• DATA TO USE:
- - - -

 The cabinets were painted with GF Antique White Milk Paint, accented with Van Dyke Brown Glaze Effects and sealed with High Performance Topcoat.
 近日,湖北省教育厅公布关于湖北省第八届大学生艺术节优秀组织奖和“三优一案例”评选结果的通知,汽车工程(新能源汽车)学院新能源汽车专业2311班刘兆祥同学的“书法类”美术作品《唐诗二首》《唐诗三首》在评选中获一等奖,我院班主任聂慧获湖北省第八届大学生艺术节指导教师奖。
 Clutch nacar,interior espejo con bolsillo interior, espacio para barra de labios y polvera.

- - - -

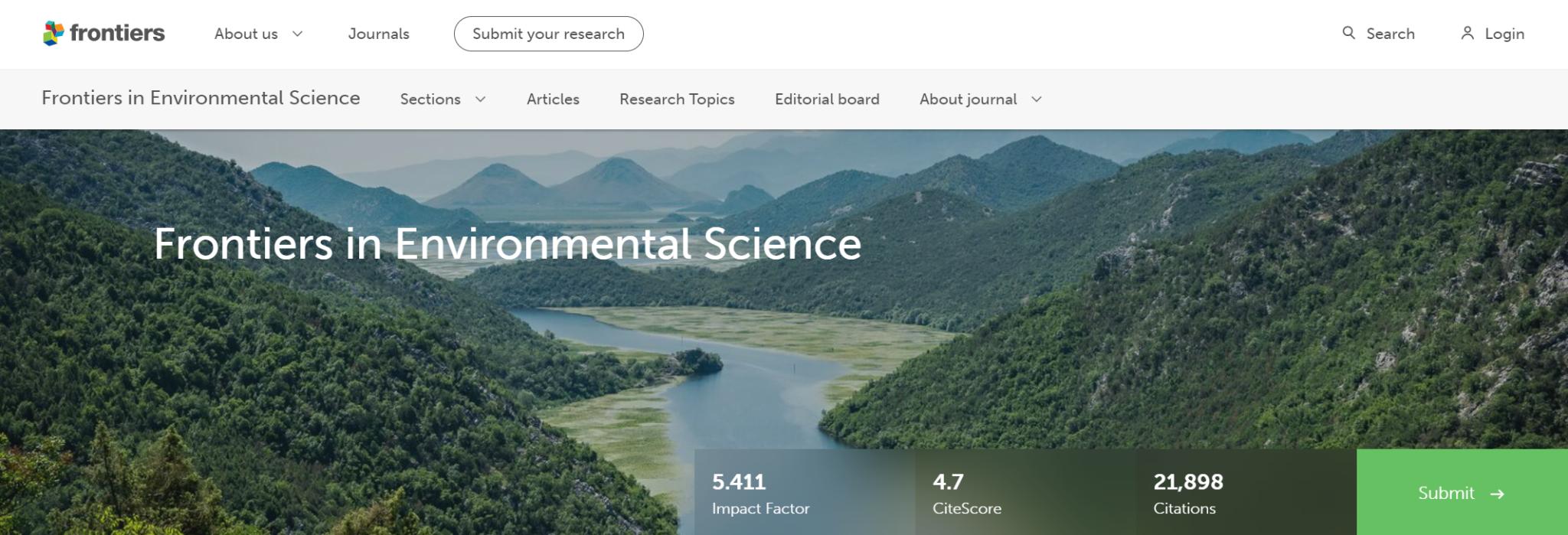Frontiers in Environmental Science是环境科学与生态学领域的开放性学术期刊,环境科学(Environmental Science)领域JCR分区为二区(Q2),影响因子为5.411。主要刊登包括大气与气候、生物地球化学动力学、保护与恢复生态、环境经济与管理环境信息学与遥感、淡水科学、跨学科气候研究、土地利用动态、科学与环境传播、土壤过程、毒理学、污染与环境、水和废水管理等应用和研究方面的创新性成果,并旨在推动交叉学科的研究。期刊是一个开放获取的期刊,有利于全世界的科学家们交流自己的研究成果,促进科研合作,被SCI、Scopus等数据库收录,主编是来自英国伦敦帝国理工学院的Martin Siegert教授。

- - - -

• TASK STATEMENT: Reproduce exactly, and with no other material, the lines between those holding "近日,湖北省教育厅公布关于湖" and "Clutch nacar,interior espejo", inclusive.

• TASK RESPONSE:
 近日,湖北省教育厅公布关于湖北省第八届大学生艺术节优秀组织奖和“三优一案例”评选结果的通知,汽车工程(新能源汽车)学院新能源汽车专业2311班刘兆祥同学的“书法类”美术作品《唐诗二首》《唐诗三首》在评选中获一等奖,我院班主任聂慧获湖北省第八届大学生艺术节指导教师奖。
 Clutch nacar,interior espejo con bolsillo interior, espacio para barra de labios y polvera.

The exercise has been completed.